# Thread: Test whether the integer is a prime

1. Originally Posted by evinda
How do we see that $q$ must divide $ord_r{(n)}$ ?
From what came before we have that:
$\operatorname{ord}_r n \mid r-1 = qm \tag 1$
$\operatorname{ord}_r n > x^{1/3} \ge m \tag 2$

Suppose that the prime $q\not\mid \operatorname{ord}_r n$.
Then by (1) it follows that $\operatorname{ord}_r n \mid m$, doesn't it?
Thus $\operatorname{ord}_r n \le m$, which is a contradiction with (2) isn't it?

I have also an other question. It says the following about the algorithm of post #17.

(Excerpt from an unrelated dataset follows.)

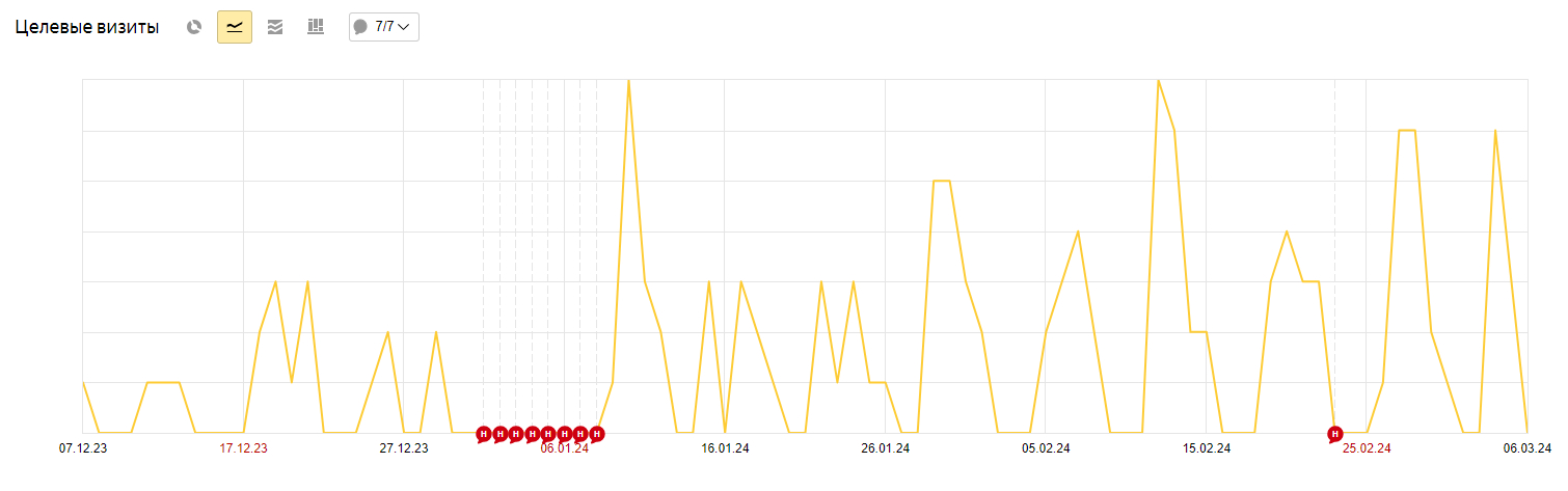 А это динамика получения конверсий по одной из важных для клиента целей. На выходных реклама не крутится по совместному решению с клиентом. Поэтому график вышел таким горо-образным.

Why are the numbers bounded by $n^2$ and not by $n$ ?

3. Originally Posted by evinda
I have also an other question. It says the following about the algorithm of post #17.

Why are the numbers bounded by $n^2$ and not by $n$ ?

In line 6 we're calculating $n^i\bmod r$ where $r$ can be as high as $n-1$.
With the fast exponentiation algorithm that means we need to evaluate numbers up to $(r-1)^2 = (n-2)^2$ don't we?

Originally Posted by I like Serena
In line 6 we're calculating $n^i\bmod r$ where $r$ can be as high as $n-1$.
With the fast exponentiation algorithm that means we need to evaluate numbers up to $(r-1)^2 = (n-2)^2$ don't we?
In line 6, don't we compute at the beginning $n \mod{r}$, then at the second interation $(n \mod r) \cdot (n \mod{r})$, and so on?

5. Originally Posted by evinda
In line 6, don't we compute at the beginning $n \mod{r}$, then at the second interation $(n \mod r) \cdot (n \mod{r})$, and so on?
Yes.
So the result of the first iteration is $n^2 \bmod r$.
Then we calculate $(n^2 \bmod r)\cdot (n^2 \bmod r)$ don't we?
And in one of the iterations we could have $r-1$.

From :
The following is an example in pseudocode based on Applied Cryptography by Bruce Schneier.[1] The inputs base, exponent, and modulus correspond to b, e, and m in the equations given above.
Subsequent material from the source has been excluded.